Description
This model detects drugs, experimental drugs, cyclelength, cyclecount, cycledaty, dosage, form, frequency, duration, route, and drug strength in text. It is based on the core ner_posology
model, supports additional things like drug cycles, and enriched with more data from clinical trials.
Predicted Entities
Administration
, Cyclenumber
, Strength
, Cycleday
, Duration
, Cyclecount
, Route
, Form
, Frequency
, Cyclelength
, Drug
, Dosage
Live Demo Open in Colab Copy S3 URI
How to use
document_assembler = DocumentAssembler()\
.setInputCol("text")\
.setOutputCol("document")
sentence_detector = SentenceDetector()\
.setInputCols(["document"])\
.setOutputCol("sentence")
tokenizer = Tokenizer()\
.setInputCols(["sentence"])\
.setOutputCol("token")
word_embeddings = WordEmbeddingsModel.pretrained("embeddings_clinical", "en", "clinical/models")\
.setInputCols(["sentence", "token"])\
.setOutputCol("embeddings")
clinical_ner = MedicalNerModel.pretrained("ner_posology_experimental", "en", "clinical/models") \
.setInputCols(["sentence", "token", "embeddings"]) \
.setOutputCol("ner")
ner_converter = NerConverter()\
.setInputCols(["sentence", "token", "ner"])\
.setOutputCol("ner_chunk")
nlp_pipeline = Pipeline(stages=[document_assembler, sentence_detector, tokenizer, word_embeddings, clinical_ner, ner_converter])
model = nlp_pipeline.fit(spark.createDataFrame([[""]]).toDF("text"))
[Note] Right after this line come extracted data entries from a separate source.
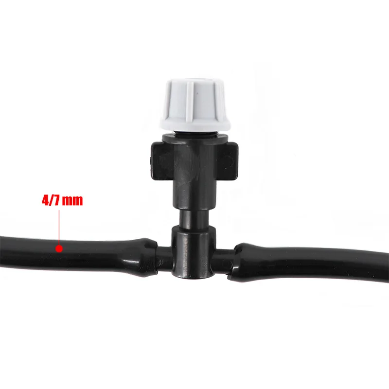 Adjustable,the misting nozzle can be adjusted to closed,misting,and spraying.Tee Connector make it reverse hook spraying,large amount of water.
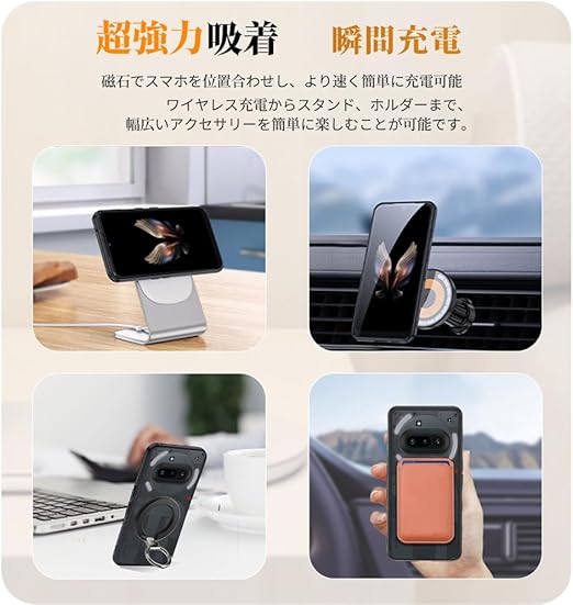 【強力な磁力吸着】ケース背面にマグネットを内蔵しているので、スマホをすべてのMagSafeアクセサリーにしっかりと吸着させます。また、すべての MagSafeアクセサリ(ウォレット、リングホルダー、パワー バン
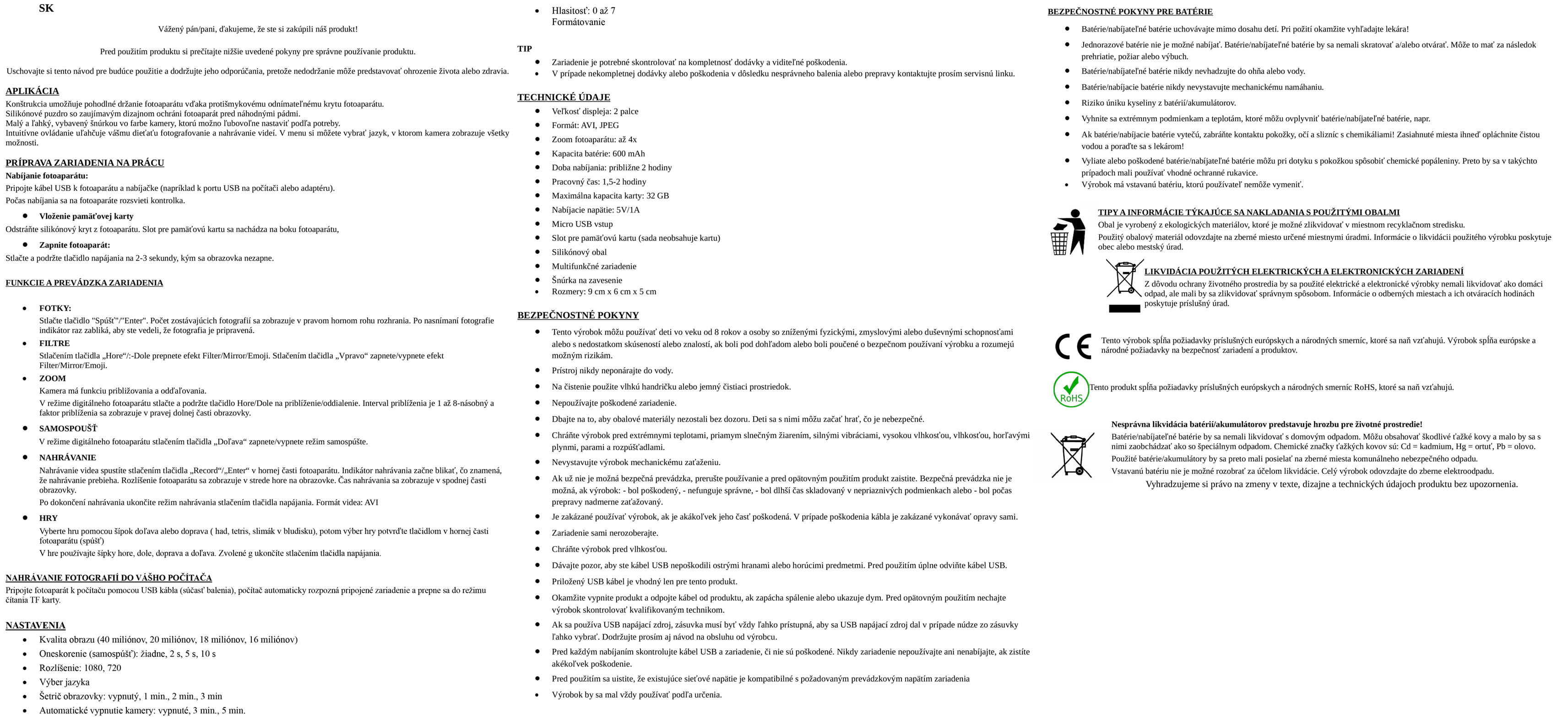 Návod na použitie detského fotoaparátu
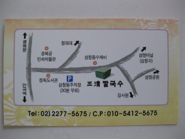 三清洞の青瓦台の近く。えごまが大好きなので、有名なすいとんを注文。一緒についてきたキムチ。今までソウルでいろいろ食べた中で、私には一番おいしく、何倍もオカワリして朝からお腹一杯になりました。日本語は全く通じません。
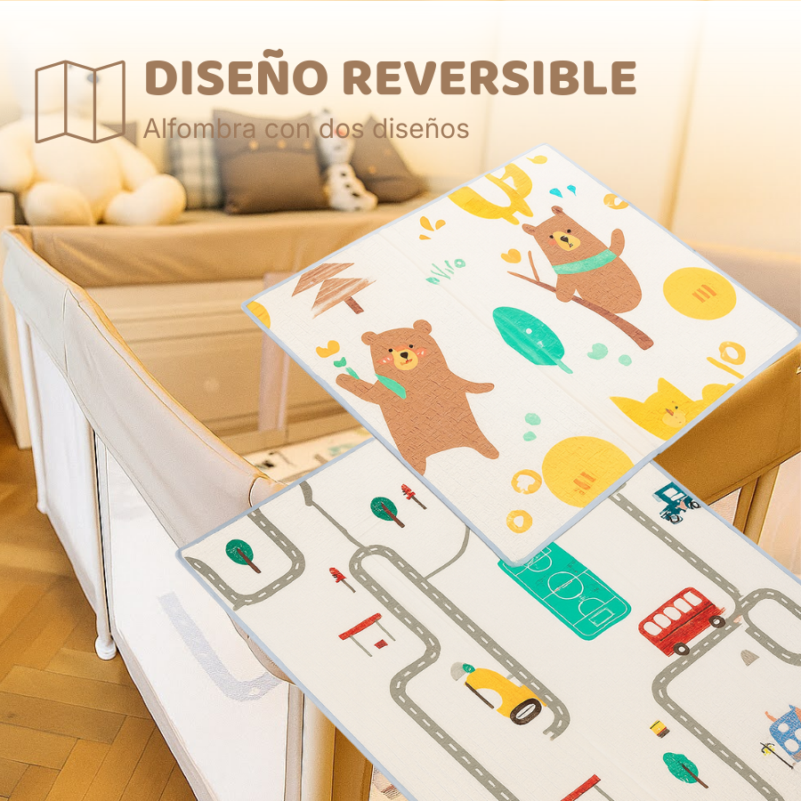 Cambia la estética del corral cuando quieras. Una alfombra reversible, suave y divertida para acompañar a tu bebé cada día.

results = model.transform(spark.createDataFrame([["Y-90 Humanized Anti-Tac: 10 mCi (if a bone marrow transplant was part of the patient's previous therapy) or 15 mCi of yttrium labeled anti-TAC; followed by calcium trisodium Inj (Ca DTPA)..\n\nCalcium-DTPA: Ca-DTPA will be administered intravenously on Days 1-3 to clear the radioactive agent from the body."]]).toDF("text"))
val document_assembler = new DocumentAssembler()
.setInputCol("text")
.setOutputCol("document")
val sentence_detector = new SentenceDetector()
.setInputCols("document")
.setOutputCol("sentence")
tokenizer = Tokenizer()
.setInputCols("sentence")
.setOutputCol("token")
val word_embeddings = WordEmbeddingsModel.pretrained("embeddings_clinical", "en", "clinical/models")
.setInputCols(Array("sentence", "token"))
.setOutputCol("embeddings")
val clinical_ner = MedicalNerModel.pretrained("ner_posology_experimental", "en", "clinical/models")
.setInputCols(Array("sentence", "token", "embeddings"))
.setOutputCol("ner")
val ner_converter = new NerConverter()
.setInputCols(Array("sentence", "token", "ner"))
.setOutputCol("ner_chunk")
val pipeline = new Pipeline().setStages(Array(document_assembler, sentence_detector, tokenizer, word_embeddings, clinical_ner, ner_converter))
val data = Seq("""Y-90 Humanized Anti-Tac: 10 mCi (if a bone marrow transplant was part of the patient's previous therapy) or 15 mCi of yttrium labeled anti-TAC; followed by calcium trisodium Inj (Ca DTPA)..\n\nCalcium-DTPA: Ca-DTPA will be administered intravenously on Days 1-3 to clear the radioactive agent from the body.""").toDS.toDF("text")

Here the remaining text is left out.